Time lapse to adult chicks, hens as well as roosters were hatched. When the roosters matured and became territorial it was time to thin the herd so to speak. Did you know chickens really do run around with their heads cut off. I learned that to be fact as I crept out of my bedroom window to see why I wasn’t included in the festivities. My brother still calls it the bloodbath massacre. He was there to help reduce the male population in the flock, and we were able to fill our freezer. I can still hear my mother’s voice “oh I’m not eating that, I’ll only eat store bought chicken!” And that’s exactly what she did. She wasn’t much of a farmer. She grew up in Rochester, on Joseph Ave. So the farm and her always had some underlying issue they needed to come
to terms with. I could write tales of the city gal gone to the country, but that’s not today.
Now that we had a freezer full of chicken, and one rooster left to protect his flock, you would think all was well on the home front. Wel, this guy took his job very seriously and I now became a threat to his ladies. My once simple task of go collect the eggs, make sure they have clean straw, was now the traumatic event I dreaded each and every day. His beady little eyes watching me sideways, to his puffed up chest and this long sharp daggers hanging off the back of his legs were all I could think about. Being attacked and hit with these razor blades and pecked at is enough to make a little girls heart beat right out of her chest,her legs run so fast, and her mind to replay a chicken so big attacking her, that from then on the smell of fear when entering the coop was enough to provoke yet another attack. The trauma, and anxiety, the disappointment in not completing a task. The doubt from the man who counted on you to “just feed the chickens.” Became panic attacks and failed attempts to show that rooster who’s boss.
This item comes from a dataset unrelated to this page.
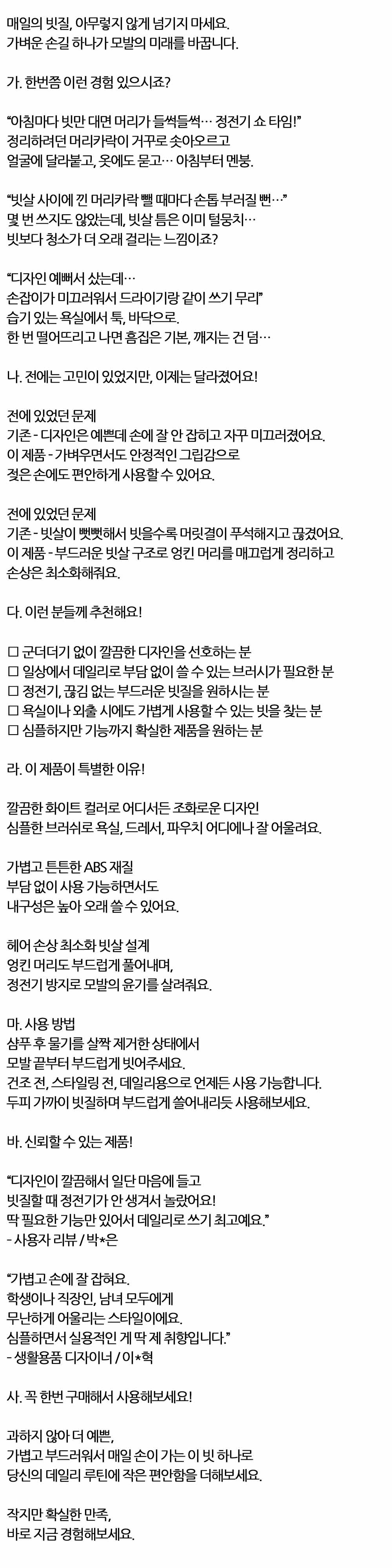 끊김 없는 부드러운 빗질 깔끔한 화이트 헤어브러쉬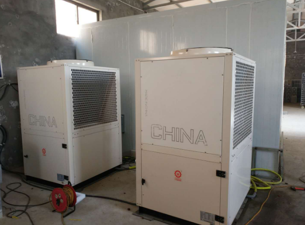 下一步就是安裝主機,安裝前要先進行主機和墻板的定位,確保出風口與回風口不被遮擋,且主機與庫板之間預留縫均勻,主機一般放置在板房窄的一側,通常要裝一個坐墊、底下約10公分的鋼槽,并安上橡皮墊減震。安裝完主機還要安裝風道和排水管,風道要根據出風口位置和循環風類型而定,大小比回風口大一點即可,管道要稍微加彎角并做好保溫措施,用鋁皮進行包裹。排水管一般采用pvc20的管道進行連接。

After a few lectures and me promising I wasn’t being lazy, I’m being attacked, my dad found out first hand for himself. Needless to say, the flock went to an all female hen house that day. And the fear still lingered there Every Time I opened the coop door. I felt his presence there lurking waiting to attack. As time went on, the feeling became less. Never gone, just less. You don’t really know fear, until you are attacked by a rooster.
Fast forward to this year.I once again have chickens, and along with hens come roosters. I inherited two initially. And I can now admit that I have also handed down the true essence of fear unto my niece Amelia, who came to pet the chickens and visit with aunt Karma. She left with a scratch on her cheek, crying in fear. The fear of a rooster attack. And we added a chicken to our freezer that day.